__Activity__: Retype the entries, please, from their first line to the line containing "KJ C lok 7.", exactly and only those lines, minus the pictures.

BEGIN

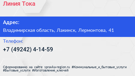 Линия Тока по адресу Владимирская область, Лакинск, Лермонтова, 41 в дальнейшем Организация, размещена в следующих категориях:
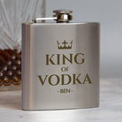 Our Personalised 6oz Silver King Of Hip Flask is the perfect gift idea for his royal highness to sip on this throne, can be personalised with any drink and name, making it extra special for his vodka, whiskey, gin, and many more!
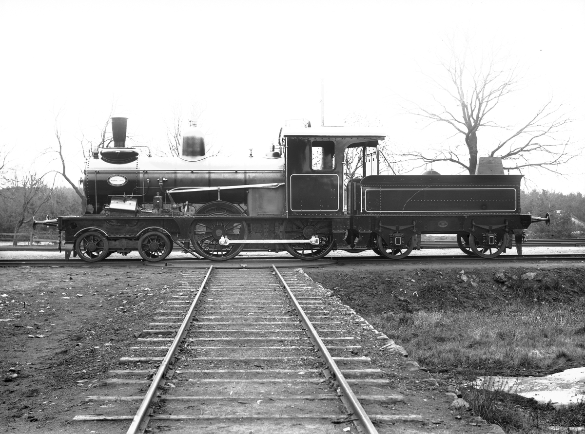 KJ C lok 7. Leveransfoto.Ånglok på vändskiva. Fick namnet Oden. Loket tillverkades av Nohab. Skrotades 1944.
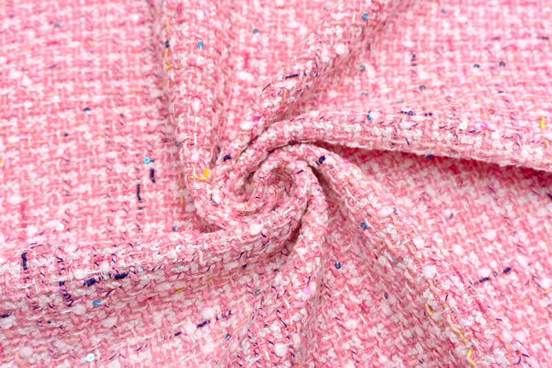 ポップな色合いに、ポンポンときらめくスパンコールが賑わいを添えている、華やかなお生地。
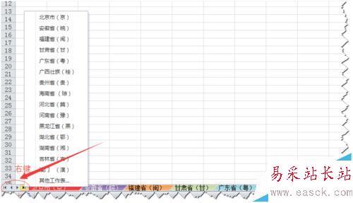 技巧三:如果工作簿中的工作表實在太多,需要滾動很久才能看到目標工作表,那么可以右鍵單擊工作表導航欄,這是會顯示一個工作表標簽列表,直接單擊目標工作表名即可。
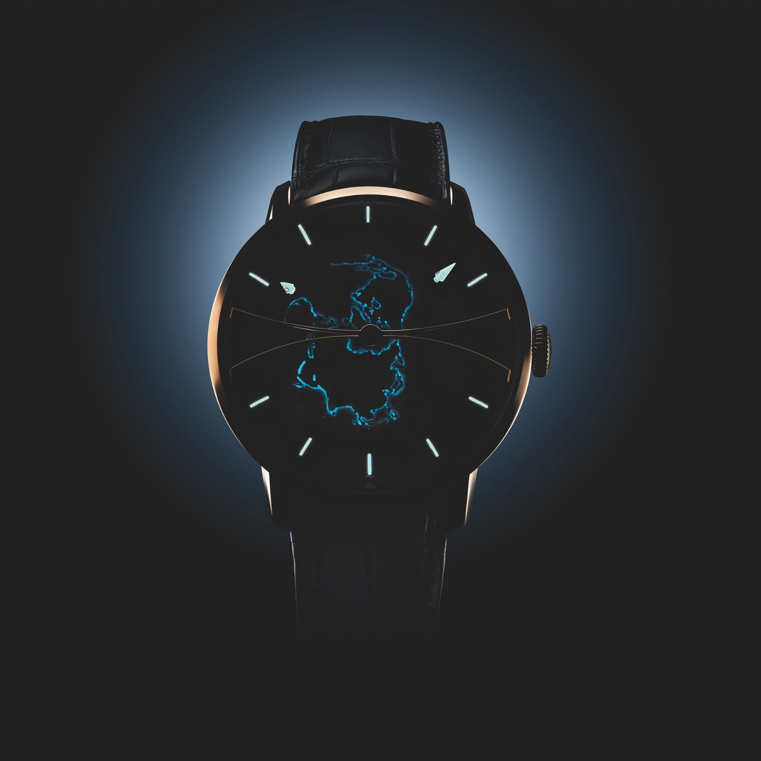 - lacquered in shades of sunlit blue three-dimensional appliqués in 18-carat rose gold with Super-LumiNova
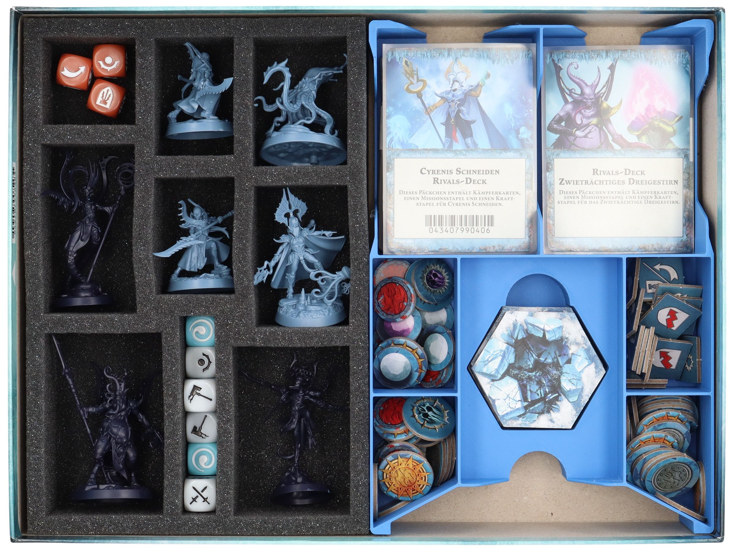 • The set fits exactly into the original core game box of “Warhammer Underworlds: Deathgorge.” (Total external dimensions of the set: approx. 292 x 219 x 55 mm)
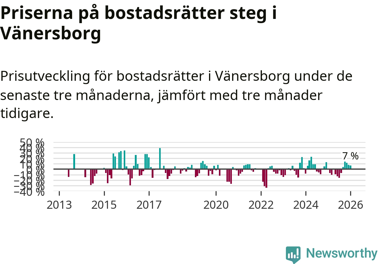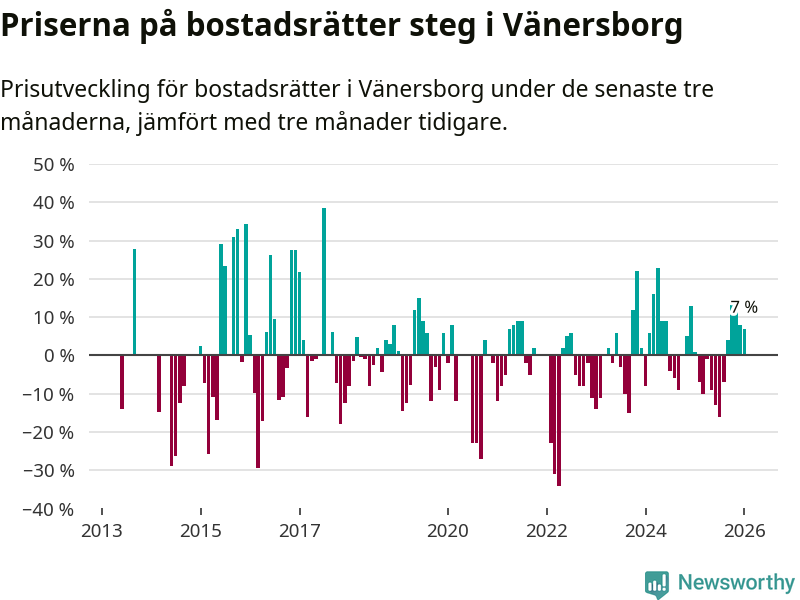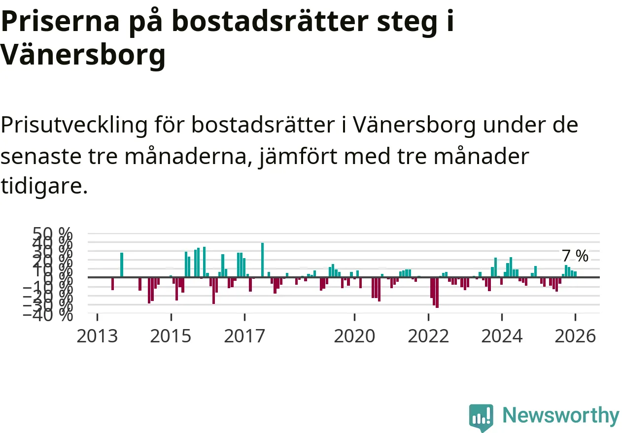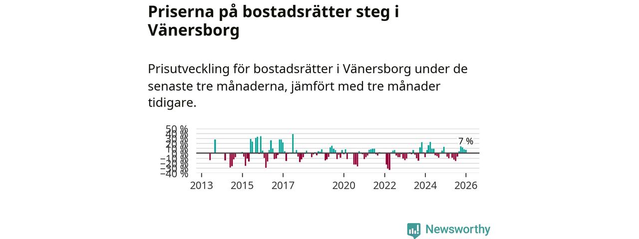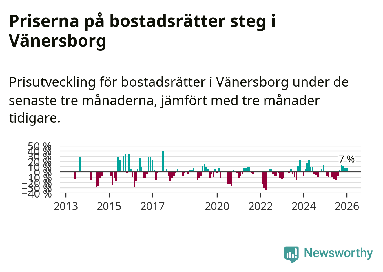 Priserna på bostadsrätter har gått upp i Vänersborgs kommun. Medelpriset på försäljningarna under de senaste tre månaderna visar på en uppgång med 7 procent.
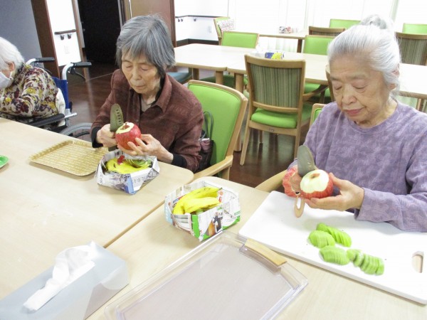 キウイの皮むき。リンゴも皮むき。
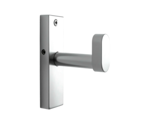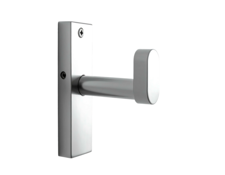Sleek, modern metallic wall hook with rounded end, attached by screws
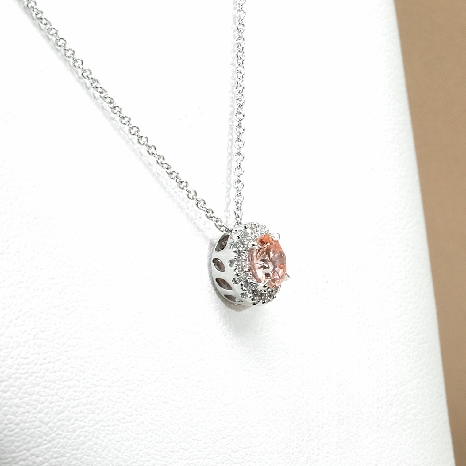 Delicate elegance meets modern brilliance in this refined 9K White Gold Lab-Grown Pink & White Diamond Necklace. At its centre, a captivating round lab-grown pink diamond radiates soft blush tones, beautifully framed by a sparkling halo of lab-grown white diamonds for added brilliance and contrast.
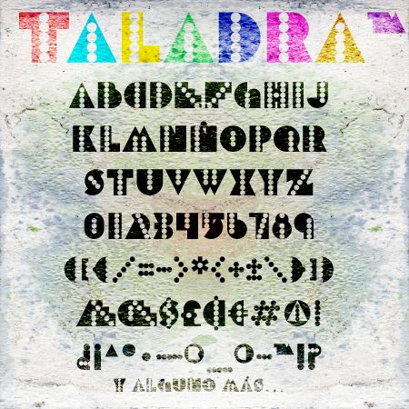 Tipografía modular a partir de rectángulos, triángulos y círculos, posteriormente "taladradas"…
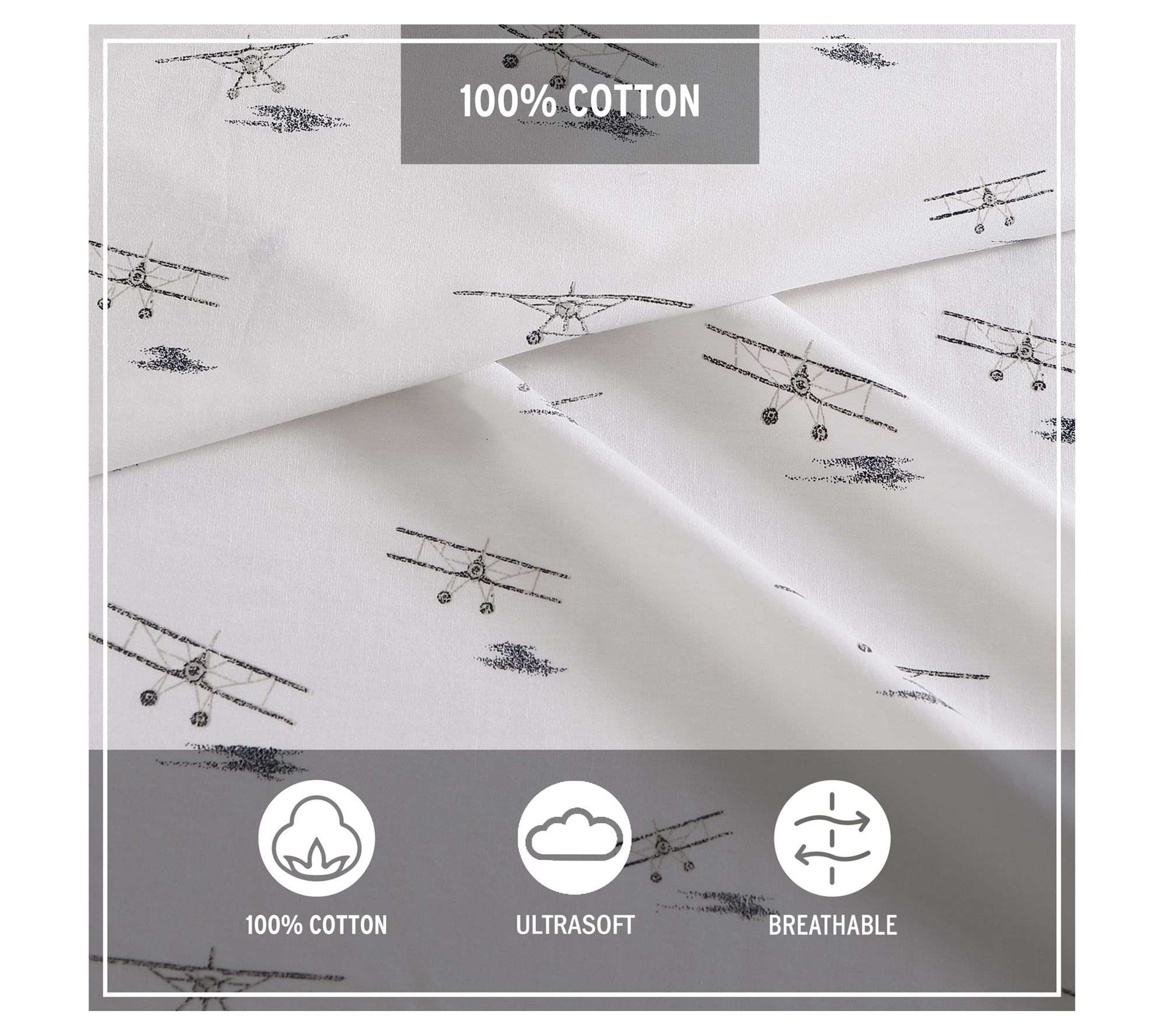 Breathe new life into your bedroom with this delightful sheet set that features a playful sea planes design from Eddie Bauer. Crafted with crisp cotton percale, each piece in this set is designed to complement your decor's color palette, providing a cohesive and welcoming look. The convenience of machine-washable material ensures easy upkeep, making this set both attractive and practical. From Eddie Bauer.

END

__Response area__:
 Линия Тока по адресу Владимирская область, Лакинск, Лермонтова, 41 в дальнейшем Организация, размещена в следующих категориях:
 Our Personalised 6oz Silver King Of Hip Flask is the perfect gift idea for his royal highness to sip on this throne, can be personalised with any drink and name, making it extra special for his vodka, whiskey, gin, and many more!
 KJ C lok 7. Leveransfoto.Ånglok på vändskiva. Fick namnet Oden. Loket tillverkades av Nohab. Skrotades 1944.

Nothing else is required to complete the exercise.